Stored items
=== Begin Enclosure ===
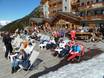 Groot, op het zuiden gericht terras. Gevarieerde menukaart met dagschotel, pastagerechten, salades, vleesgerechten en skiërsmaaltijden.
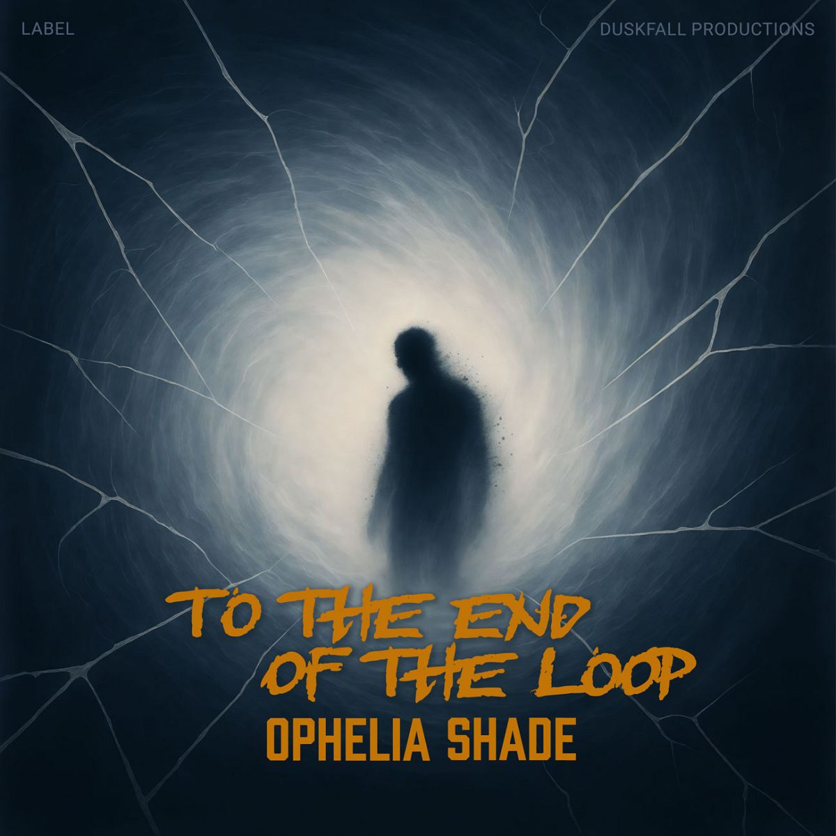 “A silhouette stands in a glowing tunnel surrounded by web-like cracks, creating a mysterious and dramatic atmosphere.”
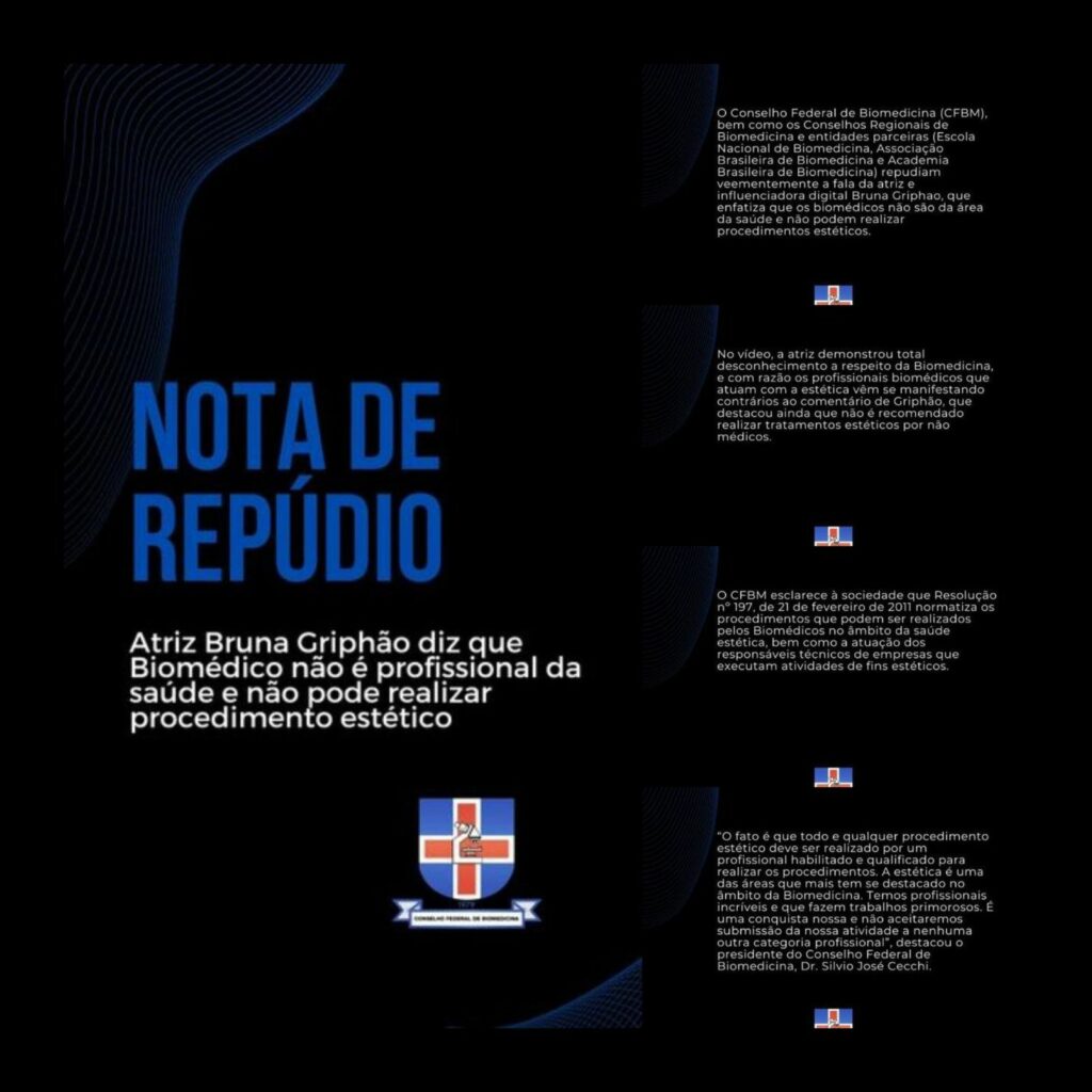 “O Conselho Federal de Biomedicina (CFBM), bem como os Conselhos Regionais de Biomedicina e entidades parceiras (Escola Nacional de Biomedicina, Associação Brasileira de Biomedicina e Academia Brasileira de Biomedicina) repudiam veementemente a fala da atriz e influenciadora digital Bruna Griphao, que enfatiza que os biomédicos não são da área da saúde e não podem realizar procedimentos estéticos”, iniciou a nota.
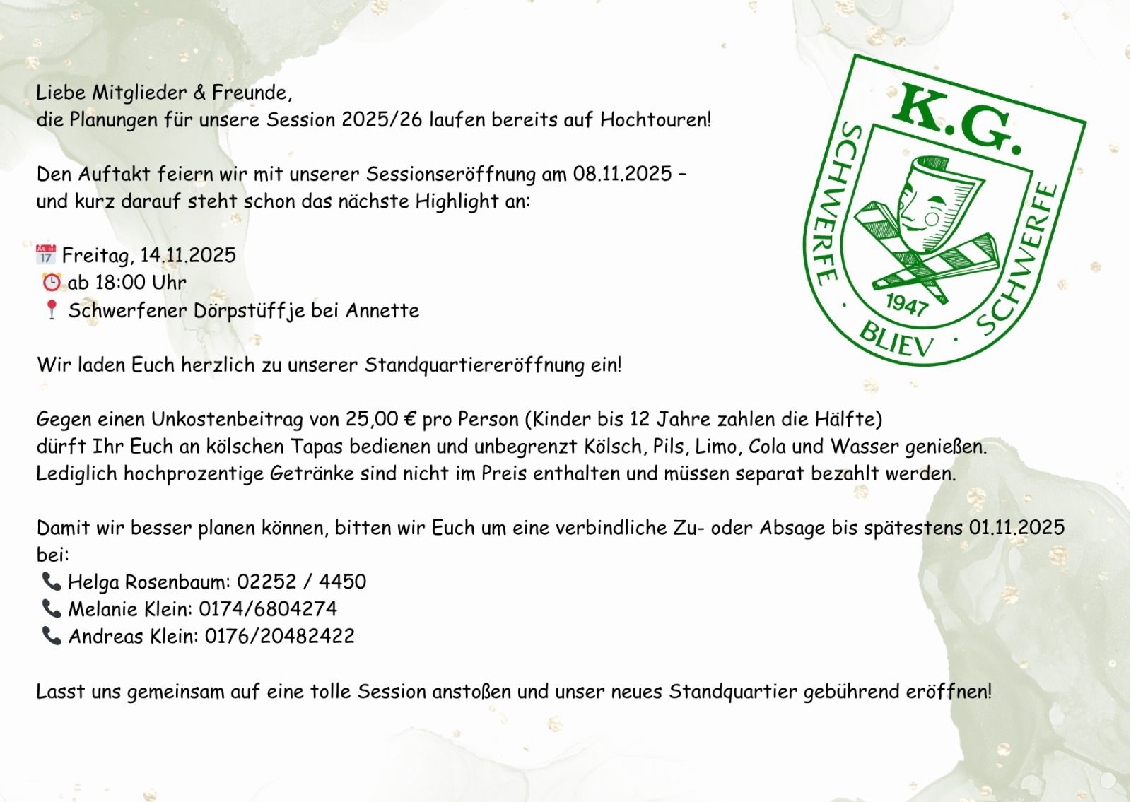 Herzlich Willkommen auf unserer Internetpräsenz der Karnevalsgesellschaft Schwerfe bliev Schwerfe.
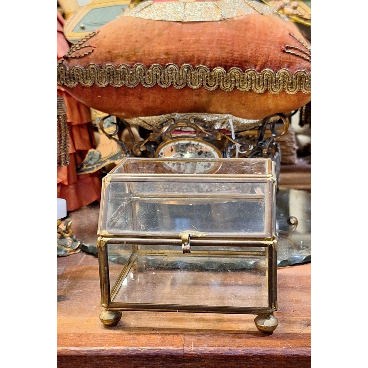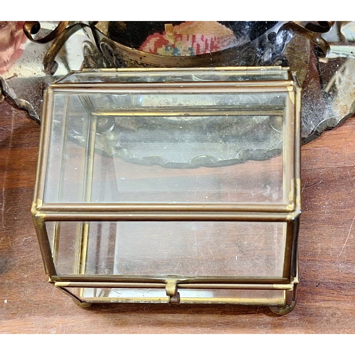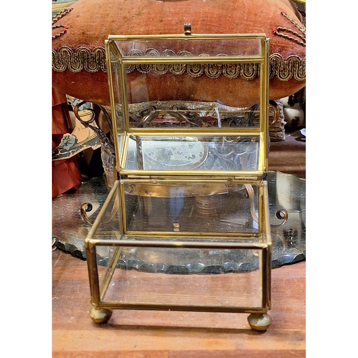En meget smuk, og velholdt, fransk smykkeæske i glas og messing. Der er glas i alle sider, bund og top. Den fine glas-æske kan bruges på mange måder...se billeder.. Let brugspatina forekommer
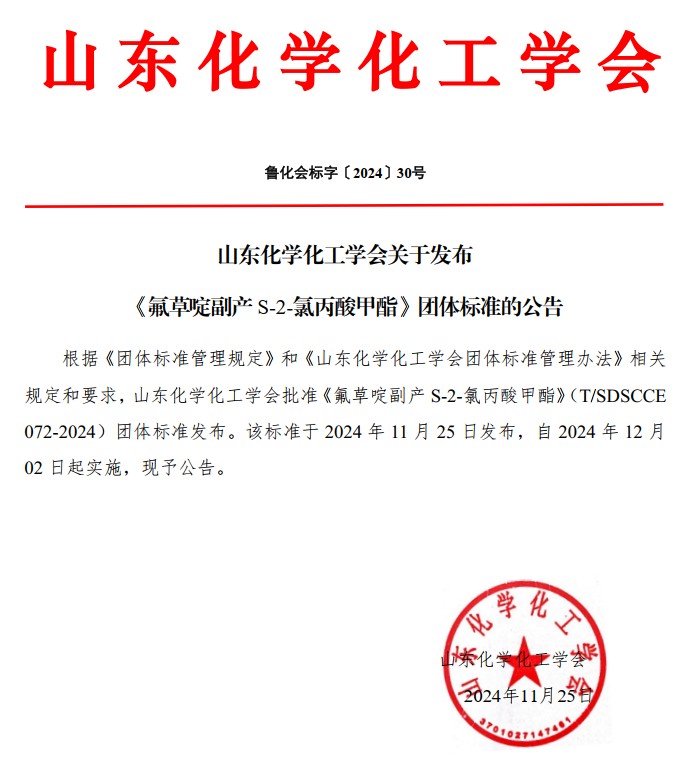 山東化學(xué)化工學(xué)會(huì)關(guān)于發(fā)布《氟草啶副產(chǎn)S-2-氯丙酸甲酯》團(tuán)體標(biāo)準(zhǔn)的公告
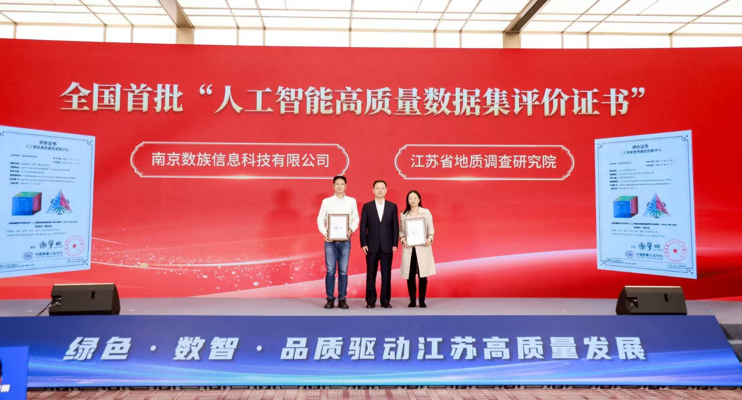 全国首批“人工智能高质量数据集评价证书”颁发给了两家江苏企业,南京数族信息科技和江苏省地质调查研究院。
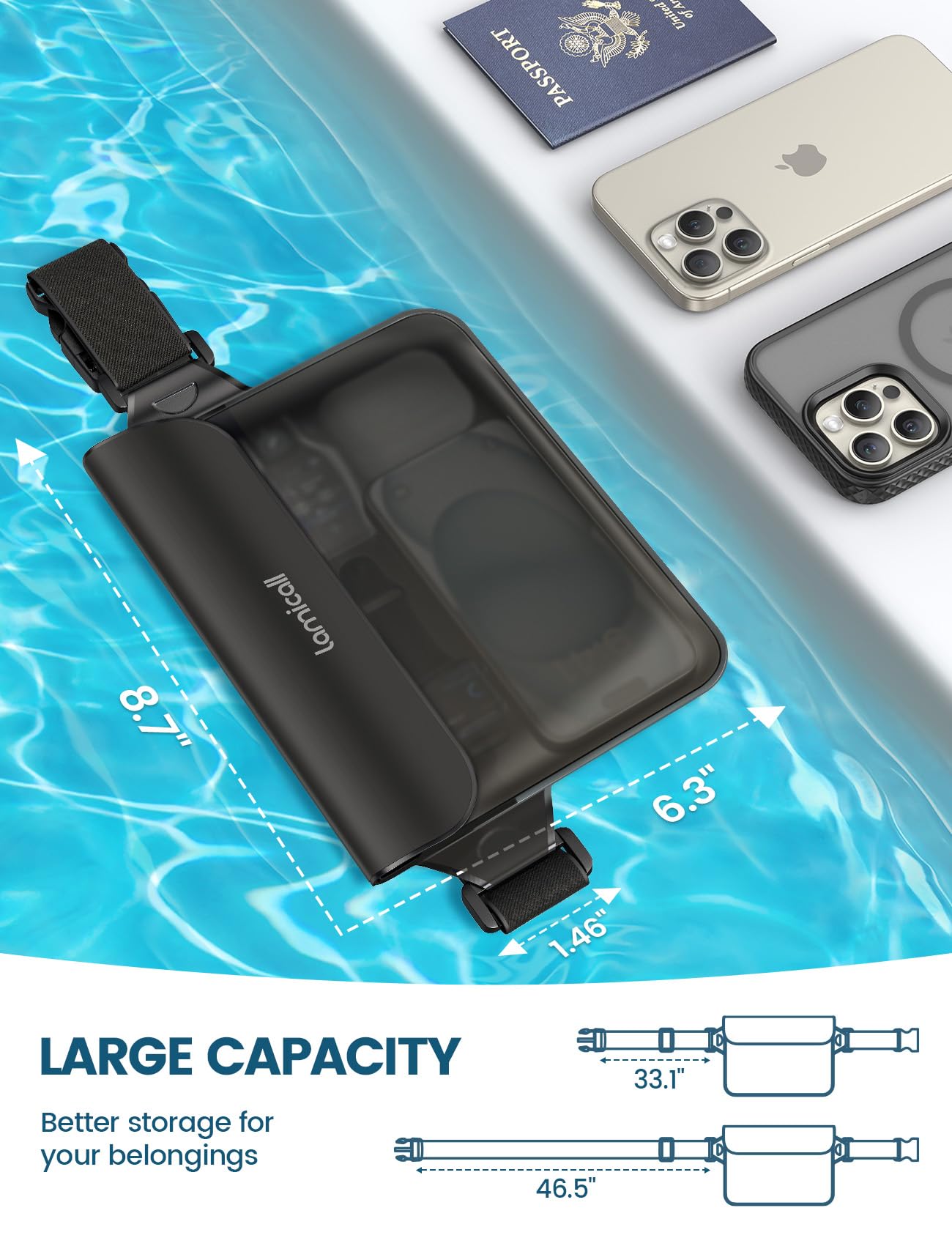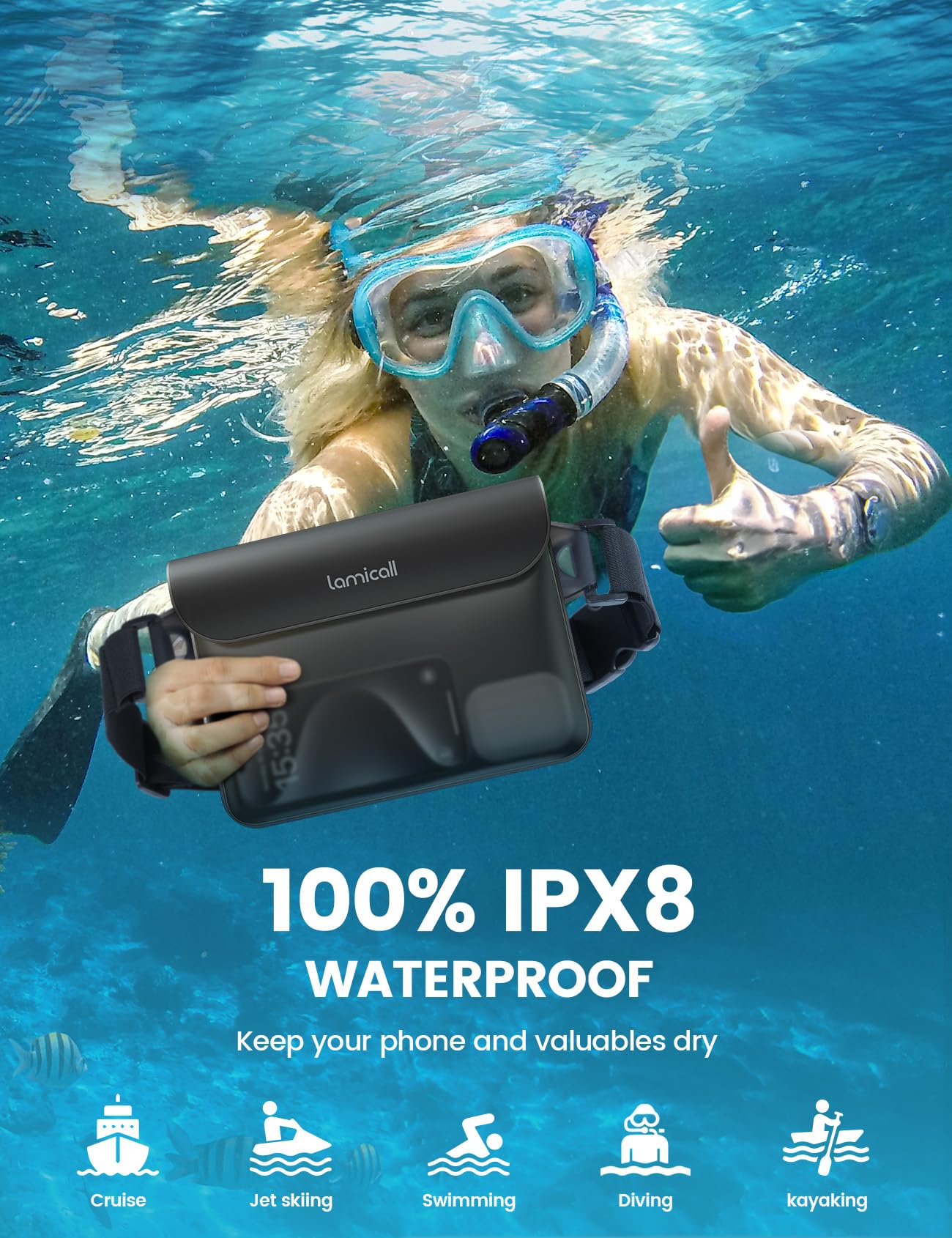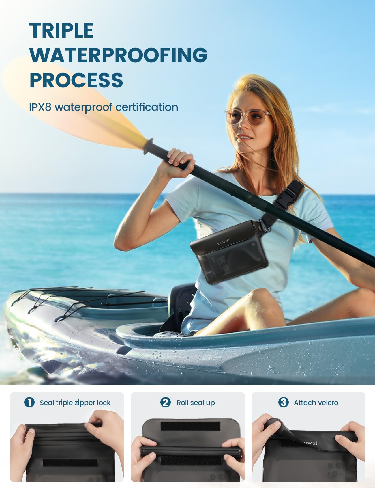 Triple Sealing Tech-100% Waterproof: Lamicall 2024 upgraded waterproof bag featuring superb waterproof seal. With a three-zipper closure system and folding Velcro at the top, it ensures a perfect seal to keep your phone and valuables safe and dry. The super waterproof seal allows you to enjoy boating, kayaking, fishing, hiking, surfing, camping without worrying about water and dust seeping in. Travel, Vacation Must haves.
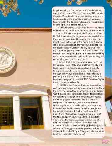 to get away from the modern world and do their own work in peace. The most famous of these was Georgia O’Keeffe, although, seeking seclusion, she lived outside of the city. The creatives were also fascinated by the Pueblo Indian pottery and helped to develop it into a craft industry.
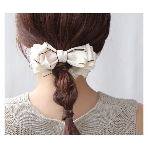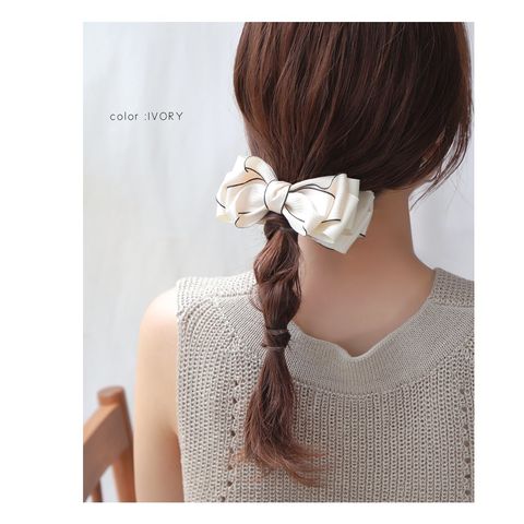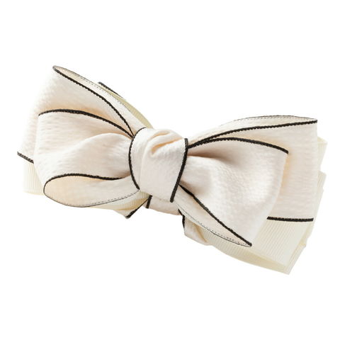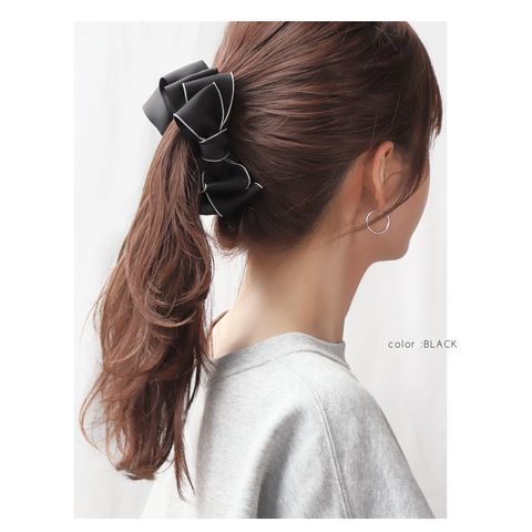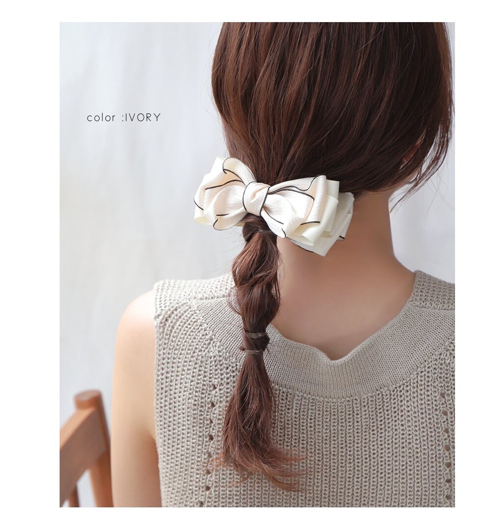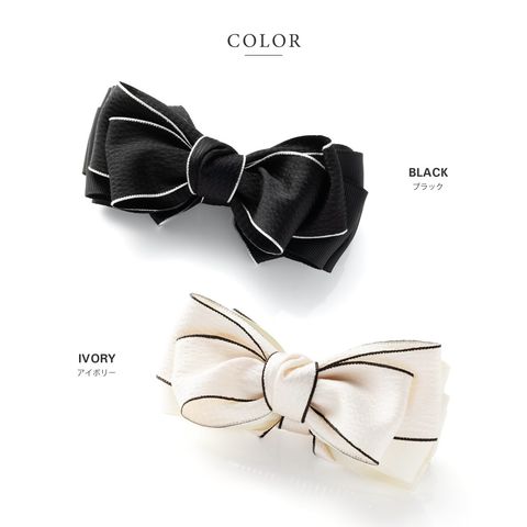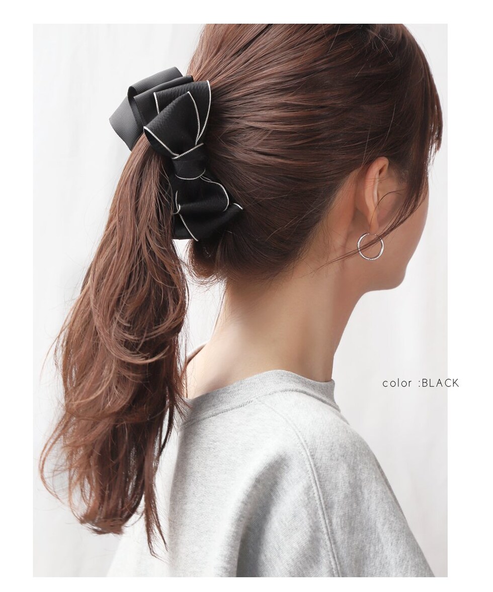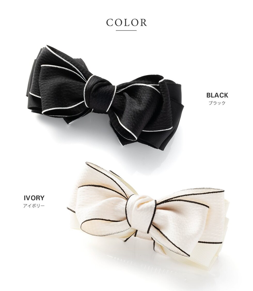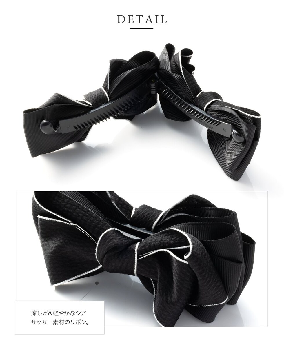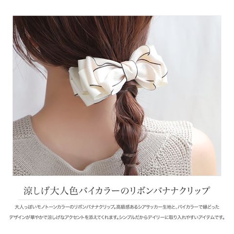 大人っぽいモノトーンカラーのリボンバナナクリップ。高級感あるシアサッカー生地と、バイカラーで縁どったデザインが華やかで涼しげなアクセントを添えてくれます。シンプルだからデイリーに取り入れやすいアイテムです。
=== End Enclosure ===
_Problem requirements_
For this answer, return word for word the lines from the first line of the records through the line containing "silhouette stands in". Omit the pictures.

_Answer section_
 Groot, op het zuiden gericht terras. Gevarieerde menukaart met dagschotel, pastagerechten, salades, vleesgerechten en skiërsmaaltijden.
 “A silhouette stands in a glowing tunnel surrounded by web-like cracks, creating a mysterious and dramatic atmosphere.”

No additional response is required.